Me observa cuando me pongo una corbata.
“¿Dónde vas?”
“Pregúntale al gato, Ma.”
“Julio, ¿te estás arreglando? La blanquita, ¿cierto?”
“No, Ma, voy a la iglesia,” le miento, y ella sabe que estoy mintiendo, pues sería demasiado bueno para ser verdad.
“¿A esa iglesia en el piso de abajo?”
¿Por qué no pensé en eso? me pregunto. Con eso me la hubiera quitado de encima.
“Sí, y no toques mis velas, ¿okay?” Señalo el gato. “Y mantenlo fuera de aquí, también, puede quemarse las patas o algo.”

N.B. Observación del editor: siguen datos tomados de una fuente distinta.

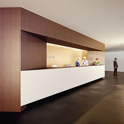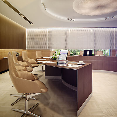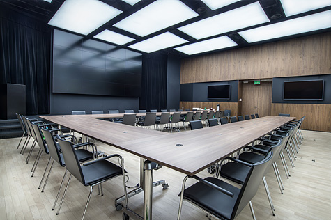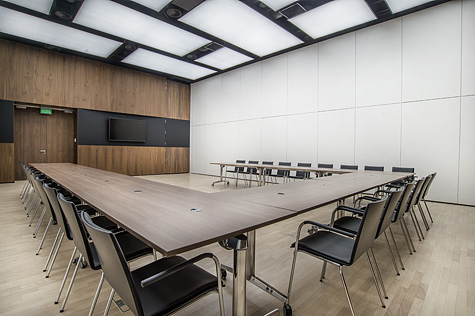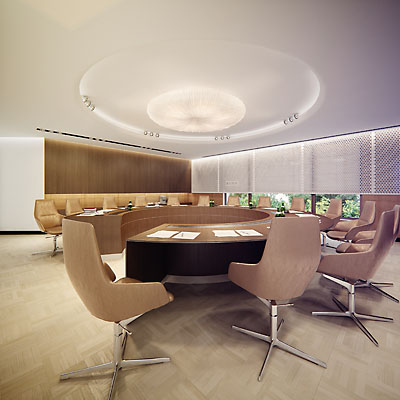 W reprezentacyjnych salach konferencyjnych odbywają się ważne spotkania z klientami, a w trakcie narad podejmowane są decyzje istotne dla całego przedsiębiorstwa. Dlatego te wnętrza cechuje nowoczesna elegancja, stosowanie wysokiej jakości materiałów wykończeniowych (drewniane okładziny ścian) oraz rezygnacja z typowo biurowych elementów wyposażenia na rzecz bardziej klasycznych detali (takich jak duży, dekoracyjny plafon, oświetlający owalny stół konferencyjny czy ażurowe rolety o powtarzalnym, geometrycznym wzorze). Wnętrza utrzymane są w jasnej kolorystyce, z przewagą bieli, brązów i złotawych odcieni beżu, nawiązujących do ciepłej barwy miedzi, a tym samym - do profilu firmy.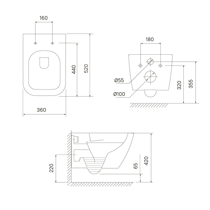 Подвесной унитаз, Размер:520*360*355 безободковый, вид смывающего потока : каскадный слив, с сиденьем из дюропласта с функциями Soft Close и Easy Fix, гарантия 25 лет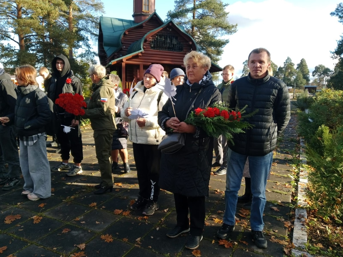 В траурной церемонии, чтобы отдать дань памяти павшим, приняли участие глава администрации Мельниковского сельского поселения Бахарев Андрей, консультант комитета по молодежной политике Ленинградской области Герман Сакс, специалист отдела по физической культуре, спорту и молодёжной политике администрации Приозерского района Игорь Шевцов. Особое место среди собравшихся заняли члены поискового отряда «Северный рубеж», школьники и неравнодушные местные жители, для которых сохранение исторической памяти – священный долг. Воинские почести павшим героям были отданы при содействии военнослужащих в/ч 12086.
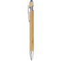 Bambusz golyóstoll krómozott fém részletekkel. Krómozott műanyag tollheggyel és fém klipsszel. Színes érintő a nyomógombon. Kb. 800 méter íráshossz. Kék tollbetéttel.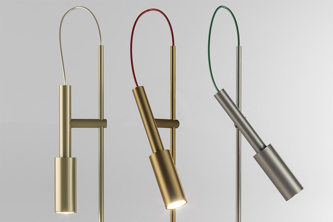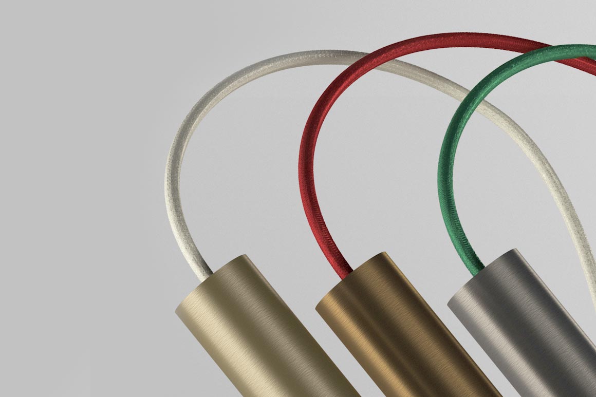 Lampada da tavolo in alluminio tornito. Tubino Plus è disponibile in versione con comando Step DIM a 5 regolazioni di intensità luminosa in finitura champagne, bronzo e titanio con cavo di alimentazione tra la testa e la struttura in tessuto.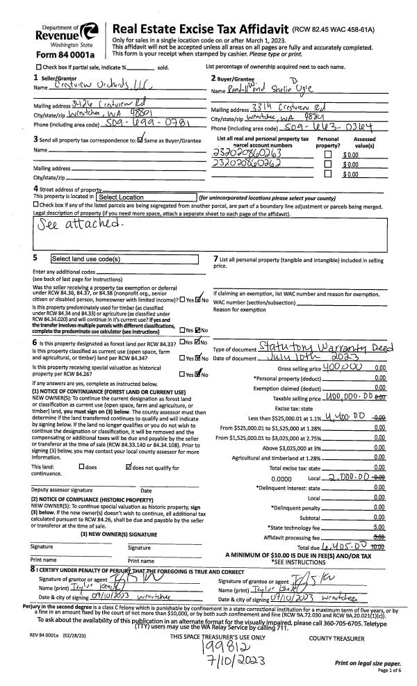| 1 | 07/10/2023 | SWD | Statutory Warranty Deed | CRESTVIEW ORCHARDS LLC | OGLE RANDALL W & SHELIA D | | | $400,000.00 | 199812 | 2583523 |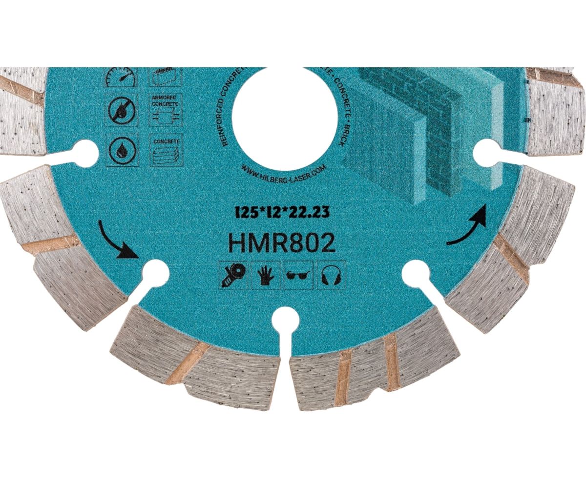 Диск алмазный отрезной Revolution 125х22.23х12 мм Hilberg HMR802 предназначен для использования с УШМ или штроборезом. Служит для обработки армированного бетона, слабо армированного бетона, бетона, бордюрного камня, натурального камня, тротуарной плитки, кирпича.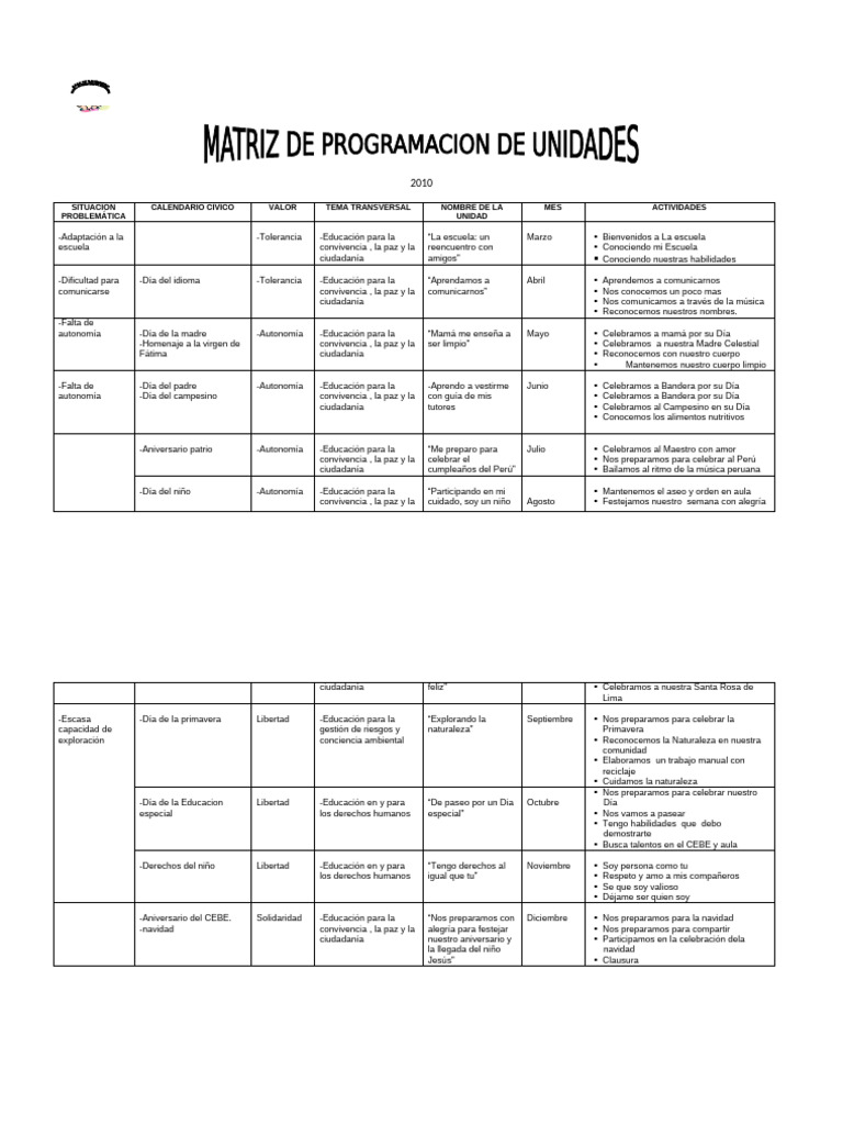Matriz de Programacion Unidades | PDF

“¿Esas velas pa’ demonios?” y agita con fuerza un dedo en el aire. “No me voy a acercar a esas velas. Mi gato ya sabe que no debe tocarlas,” dice y sale del cuarto.
“Ma,” la llamo, “un beso de adiós.”
“Sólo si sales de ese cuarto.”
Cierro la puerta detrás de mí y le doy un beso. El gato salta de su hombro.
“¿Y tú no vas a ir a la iglesia hoy?”
“Sí, tengo que ir a la iglesia de verdad, me’ entiende,” dice. “Tengo que despertar a tu padre para que se aliste,” y habla despacio a propósito, “para . . . ir . . . a . . . la iglesia . . . de verdad.”
“Bien,” digo, “pueden llevar el gato.”
“Ah tan chistoso, ¿te tragaste un payaso de almuerzo?”